I'm doing similar - VPN and RDP into a desktop computer at a remote location to work and Teams video calls. Kid has her own Teams video call going, husband is VPN'd into his work network and running Teams while streaming YouTube videos. 

What speed issues we do see are caused by older devices on the wi-fi with slower connections. These slower connections mean they take more airtime, and so block other devices from communicating when they're communicating. We're slowly replacing these older devices (goodbye 7 year old Roku and Chromecast).

What I would be concerned about is the upload speeds. You say you are pushing large files to servers. 5Mbps could be extremely painful for these data pushes.

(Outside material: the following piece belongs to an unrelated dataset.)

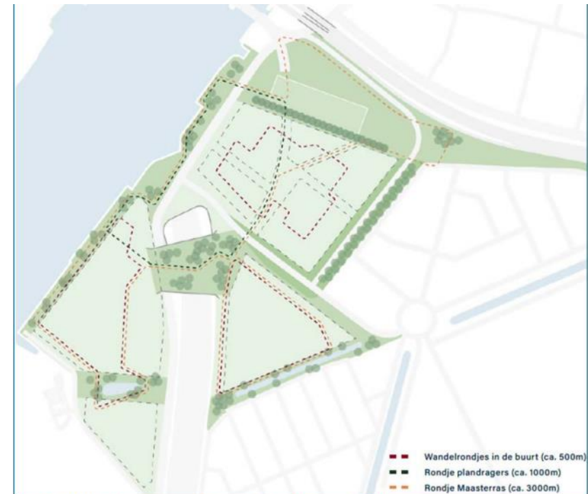
Figuur 16.15 Wandelroutes binnen Maasterras

Another thing to consider - are you running a forced tunnel VPN to your work location? This is where all traffic is first routed to the office, THEN back to your location (the alternative is split tunnel - where the traffic routes to the most efficient path directly - the office or say, Google). If you are running forced tunnel, then any traffic to your box while you were connected would be... painful.


----------



## magnetic2 (Aug 13, 2020)

Hi - thank you.

Yes, I’m running through a split-tunnel VPN.

I was concerned about the upload speed as well but I don’t get much room in that area. I wish we had Fios so I could get the same up and down speeds..

Moving a few 1gb files is definitely painful.


----------



## u3b3rg33k (Jul 17, 2018)

I usually ignore the down speeds and look at up. some of your up is used just to request the next bit of your movie/webpage/zoom chat, so not enough upload and the download becomes irrelevant. 

you'll never find a package with not enough down with the right amount of up. connections SHOULD be symmetrical.

also watch out for data caps.


----------